Что же касается центральной темы диссертации: «Творчество Достоевского в 40‑х годах», то она разработана слабее других. Влияние, например, Гофмана совершенно не учтено; Бальзак и Жорж Занд задеты лишь мимоходом. То же касается и русской литературы 40‑х годов; за исключением «физиологического очерка», она тоже совершенно не освещена, получается творчество Достоевского в каком-то безвоздушном пространстве. Да и эволюция, колебания самого Достоевского тоже освещены весьма недостаточно. Подвергаются анализу только «Бедные люди» и «Двойник»; о «Хозяйке» говорится словами общими, как о произведении романтическом, с наивной уверенностью, что раз романтическое, то обязательно ничего характерного для эпохи в нем не отражается. Другие же произведения: «Слабое сердце», «Белые ночи», «Честный вор», «Ползунков» и т. д. вовсе не принимаются во внимание, как не принимается во внимание и то, что «Хозяйка» была осуждена самим автором. Следовало бы также пристальнее вдуматься и в фельетоны Достоевского, в одном из которых он как раз становится на сторону Белинского, а не Майкова, и это уже после ссоры с «Современниками». Так сказался на диссертации дурной метод голого социологизирования.

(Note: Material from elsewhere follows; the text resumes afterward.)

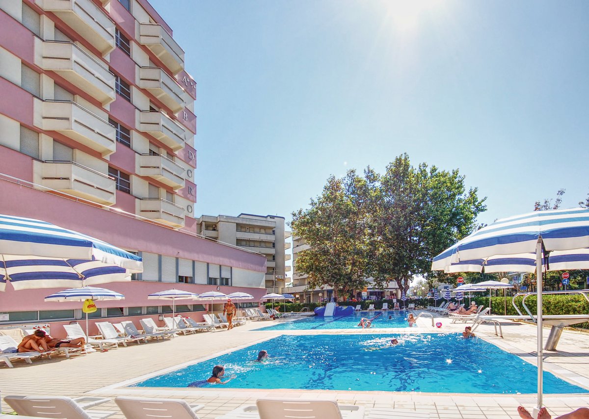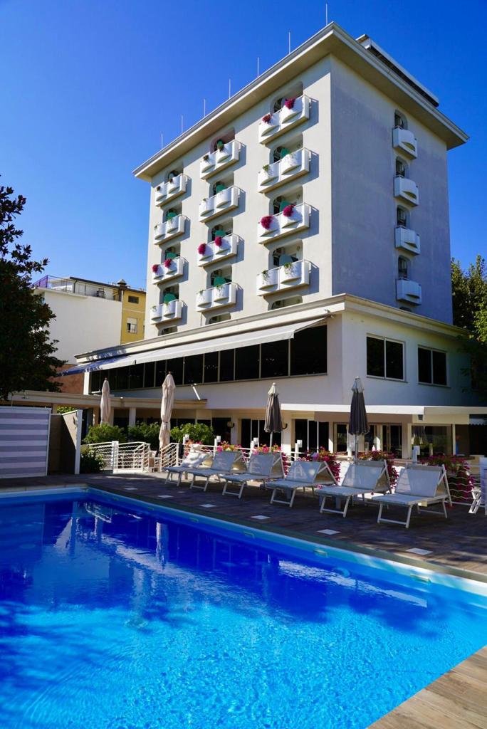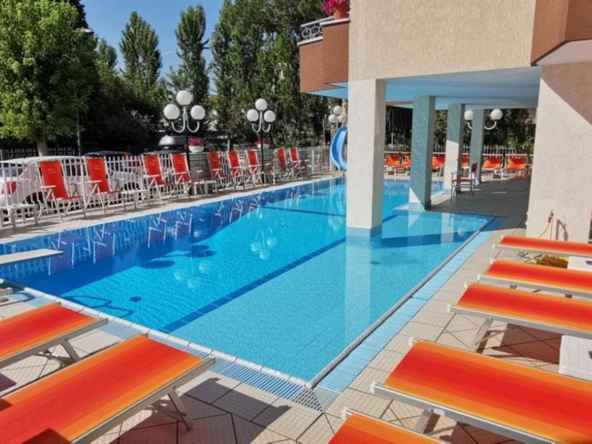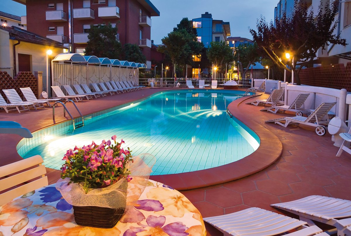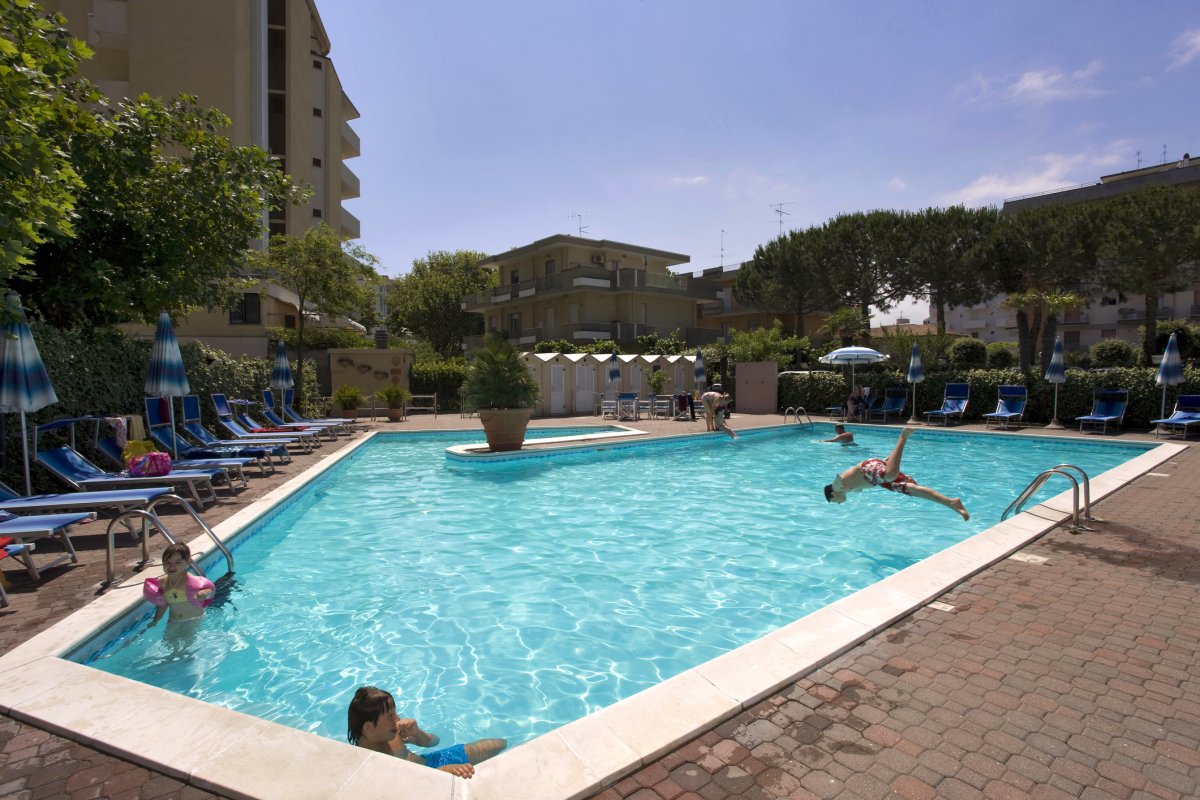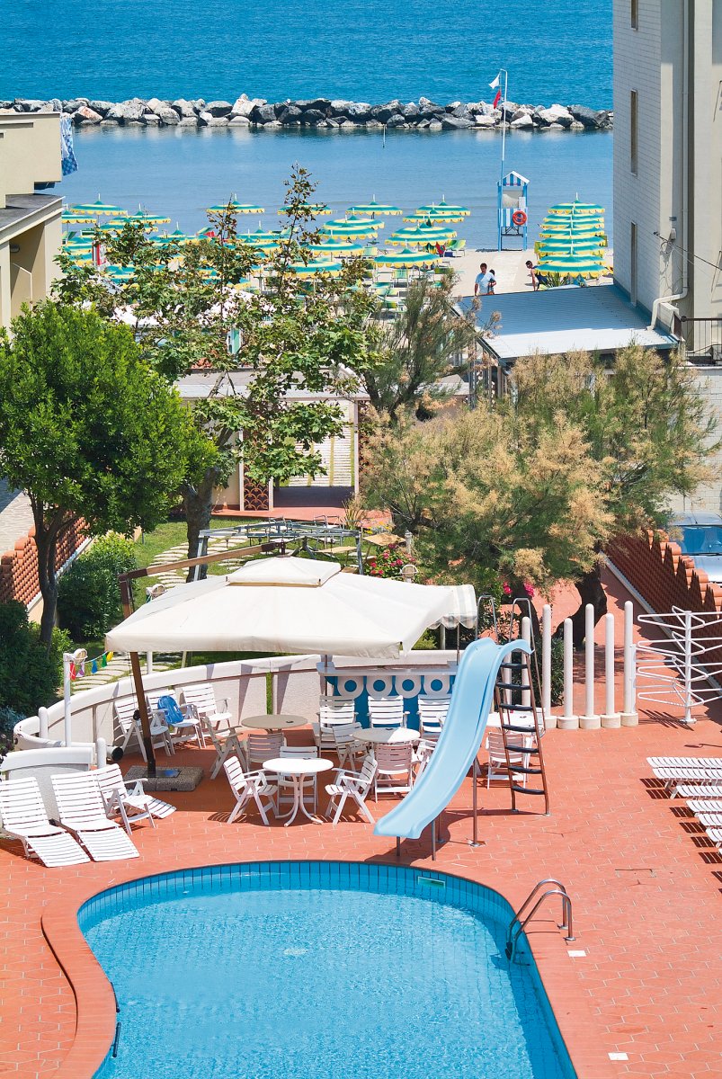 Ausstattung: Von der Besitzerfamilie geführtes Haus mit Bar, Aufenthaltsraum, Panorama-Speisesaal mit Klimaanlage, Lift, WLAN. Gartenterrasse, Swimmingpool mit Liegen und Sonnenschirmen, Kinderbecken mit Wasserrutsche.
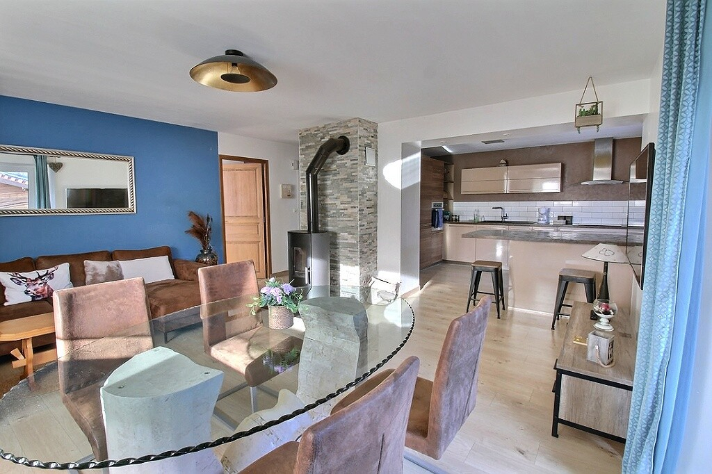 A vendre ? Très bel appartement T4 de 93 m² à Bons-en-Chablais Calme, lumineux, rénové, avec grand garage et balcons Situé dans une petite copropriété de seulement 3 appartements, ce très beau T4 de 93 m² saura vous séduire par ses volumes généreux, sa luminosité et son environnement calme et paisible à deux pas du centre de Bons-en-Chablais. Entièrement rénové avec goût, il ne vous restera plus qu'à poser vos valises ! L'appartement se compose d'une grande pièce de vie chaleureuse, avec cuisine équipée ouverte et poêle à bois pour un confort optimal. Deux balcons complètent l'espace, dont l'un avec barbecue intégré pour profiter pleinement des beaux jours. Côté nuit, vous trouverez trois belles chambres, une salle de bains moderne et un toilette indépendant. Atouts supplémentaires : -Grand garage de 30 m² avec porte électrique et espace de stockage au fond -Deux places de stationnement privatives -Exposition idéale, offrant une belle luminosité tout au long de la journée -Situation privilégiée : à seulement 5 minutes à pied du centre et des commerces, et 12 minutes à pied de la gare, reliant Genève en toute facilité -Très faibles charges de copropriété Un bien rare sur le secteur, alliant calme, confort et praticité. Contactez-nous rapidement pour une visite ! EXCLUSIVITE

Вывод. Однако, несмотря на все указанные недостатки, работу тов. Жеглова можно все же признать удовлетворительной по следующим мотивам:
1) Проработан очень большой материал, что доказывает добросовестность диссертанта.
2) В диссертации обнаружено неплохое знание если не эпохи в целом, то во всяком случае целого ряда моментов.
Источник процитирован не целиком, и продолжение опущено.